# Issues with chi square ppmc for sparse data?

I am attempting to replicate Daniel C. Furr et al’s syntax for PPMC here: http://mc-stan.org/users/documentation/case-studies/tutorial_twopl.html

However, I have encountered some problems when taking steps to calculate replicated chi square values. I am using wide formatted data, so my syntax is slightly different from the original document:

`score.rep = apply(y_rep, 1, function(x) rowSums(x) replicated = apply(score.rep, 2, function(x) table(x)`

Ideally, this would create a table for each replicated data set. For my case, I have 9 items (i.e., 10 score groups), so this would be my ‘replicated’ object if I had 3 replicated data sets (sorry for the poor formatting):

`> replicated iterations [,1] [,2] [,3] 0 30 37 29 1 40 28 46 2 37 38 26 3 22 23 25 4 13 17 20 5 22 20 22 6 16 20 12 7 12 9 8 8 4 5 8 9 4 3 4`
However, if I have a replicated data set with zero cases of a particular score group, the replicated object looks like this:

`> replicated [[1]] x 0 1 2 3 4 5 6 7 8 33 43 32 25 23 19 10 11 4 [[2]] x 0 1 2 3 4 5 6 7 8 9 30 40 37 22 13 22 16 12 4 4 [[3]] x 0 1 2 3 4 5 6 7 8 9 37 28 38 23 17 20 20 9 5 3`
I have figured out how to deal with the different structure to calculate chi square values; however, I am concerned that my chi square values for some of the replicated data sets will be inaccurate, since the expected scores would be based on 9 score groups (0-8) rather than 10 score groups (0-9).

Should this be a concern?

Thank you!
Danny

I missed this before. Even if you have zero cases in the replication, that doesn’t mean you can’t run Chi-square. You just plug in the zero. It’s only if the expected number of zeros is zero that you’ll run into trouble.

@danielcfurr may have more to say. I’m not sure he was on Discourse when you posted this originally (and I’m just catching up on some messages I missed earlier).

Thanks! My original questions wasn’t exactly about whether I could run chi-square when I have 0 cases, it was more about whether the formatting discrepancies (in which a score group isn’t represented, even by a 0) would cause issues.

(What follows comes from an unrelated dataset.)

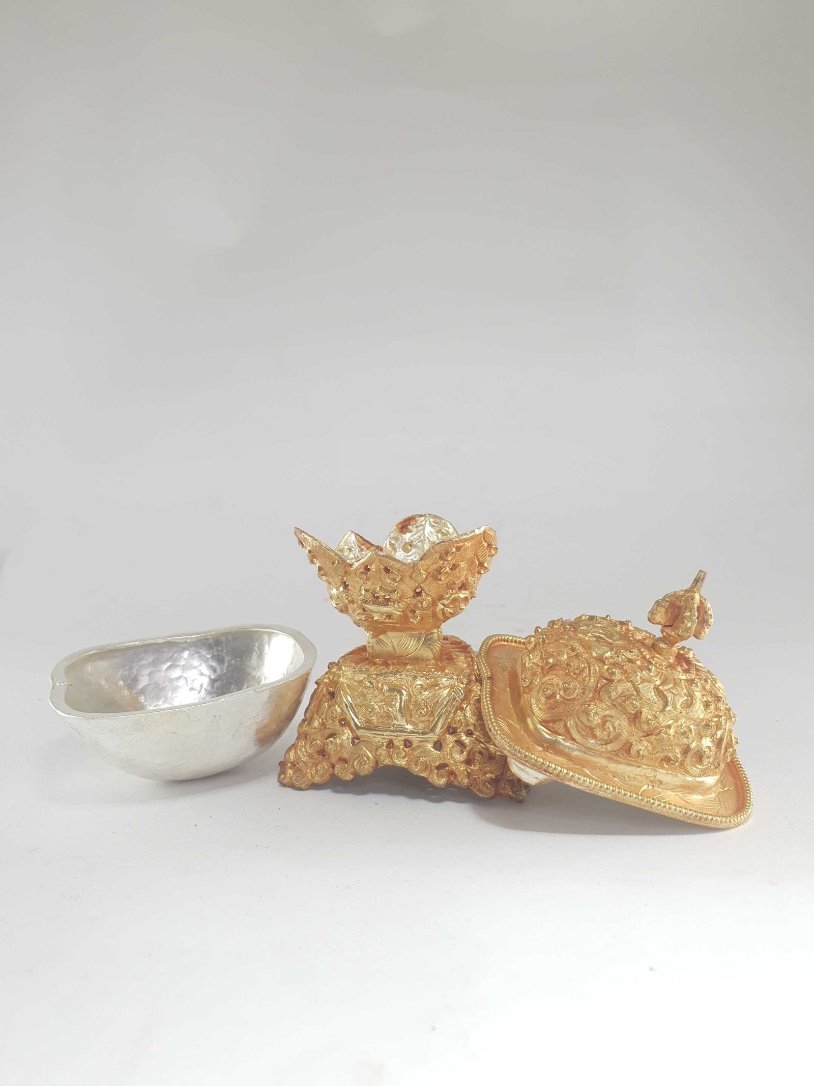 The Kapala has a full Silver plated finish, Sliver plating process involves the application of a thin layer of genuine silver onto the surface of the Kapala, creating a stunning and lustrous appearance. Skilled artisans handle the silver plating, ensuring even coverage and a flawless finish. The silver plating adds a touch of elegance and sophistication to the Kapala, enhancing its overall aesthetic appeal. Read More
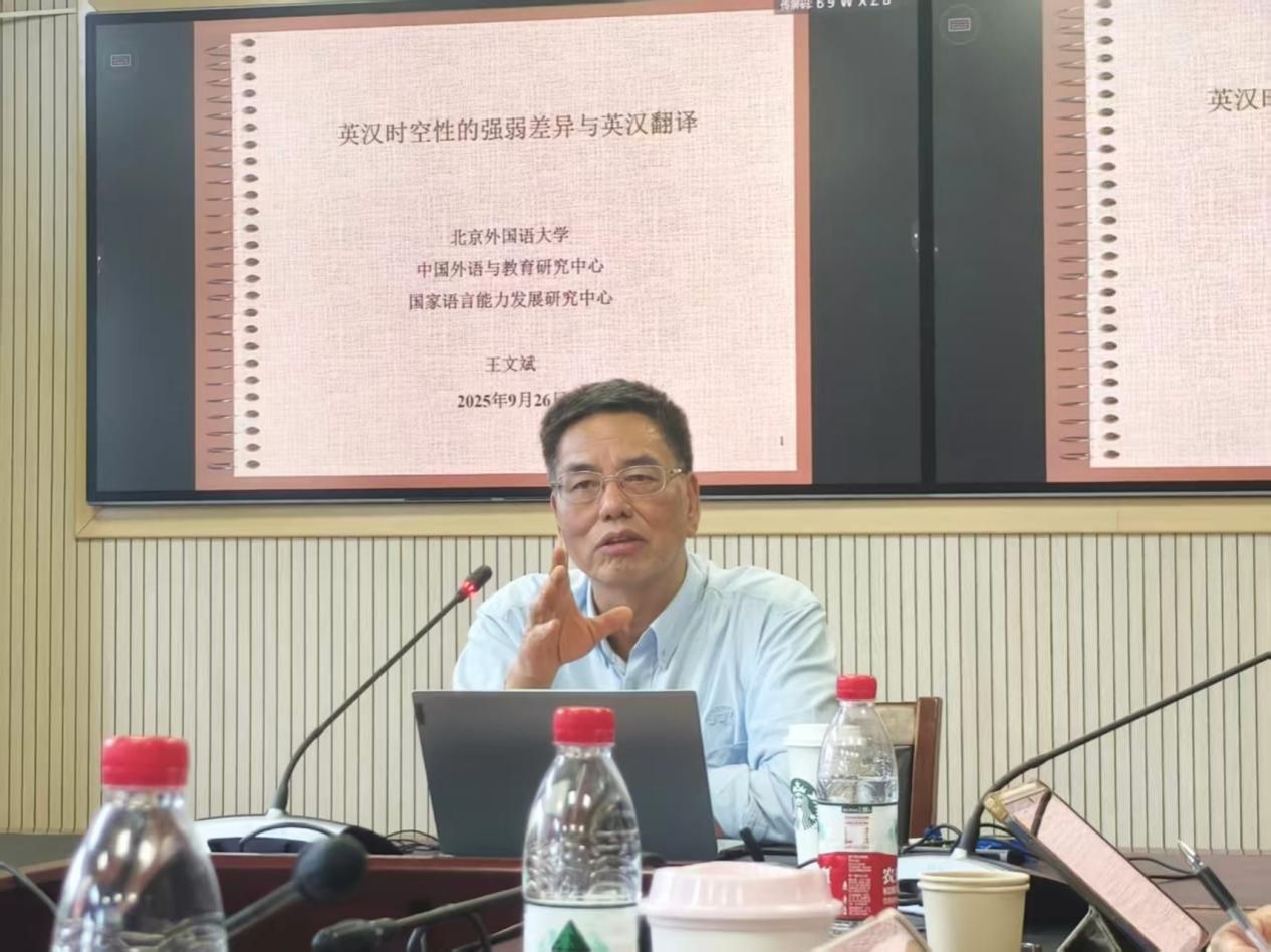 北京外国语大学王文斌教授带来了题为“英汉时空性的强弱差异与英汉翻译”的精彩讲座。王教授从语言本体论出发,系统论证了英语高度时间性的线性思维特征与汉语强空间性的立体块状思维模式。他通过大量生动的翻译实例,详细阐释了这两种特性在句法结构、篇章组织及修辞风格上的具体体现,并指出,准确把握英汉时空性差异是实现地道翻译、突破翻译瓶颈的关键所在。讲座内容深入浅出,理论联系实际,极大地启发了师生对语言本质与翻译实践的新思考。

It turns out it caused major problems with computation, but I actually figured out how to resolve the issue. I was able to restore my summaries to the original format from @danielcfurr’s tutorial by taking the length of each score group (as opposed to creating a table of total scores), which would return 0 if there was no representation of the group (instead of just not representing the group). It required a for-loop, so it wasn’t as pretty as the original code, but it did the trick.

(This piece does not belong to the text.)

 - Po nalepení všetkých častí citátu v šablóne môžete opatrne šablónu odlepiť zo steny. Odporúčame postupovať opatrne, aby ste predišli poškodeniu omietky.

If anyone else encounters this issue, here’s what I did (again, this is wide-formatted data, which deviates from the referenced tutorial, so I’m using rowSums to create total scores):

`#observed score data frame`
`score.obs = rowSums(data)`
`observed = data.frame(matrix(nrow = 10, ncol = 2))`
`observed[1:10,1] = 0:9`
`for (r in 1:10) {`
`observed[r,2] = length(score.obs[score.obs == r-1])`
`}`
`colnames(observed) <- c("score", "obs")`
`observed\$score = as.numeric(as.character(observed\$score))`
`# replicated scores matrix`
`score.rep = apply(y_rep, 1, function(x) rowSums(x))`
`replicated = matrix(nrow = 10, ncol = 2500)`
`for (r in 1:10) {`
`for (c in 1:2500) {`
`replicated[r,c] = length(score.rep[score.rep[,(c)] == r-1,(c)])`
`}`
`}`
`expected = apply(replicated, 1, mean)`
`rep.chi2 = apply(replicated, 2, chi.test, expected = expected)`
`obs.chi2 = chi.test(observed\$obs, expected)`
`PPP <- mean(obs.chi2 <= rep.chi2)`

Thanks for clarifying and reporting back with a solution.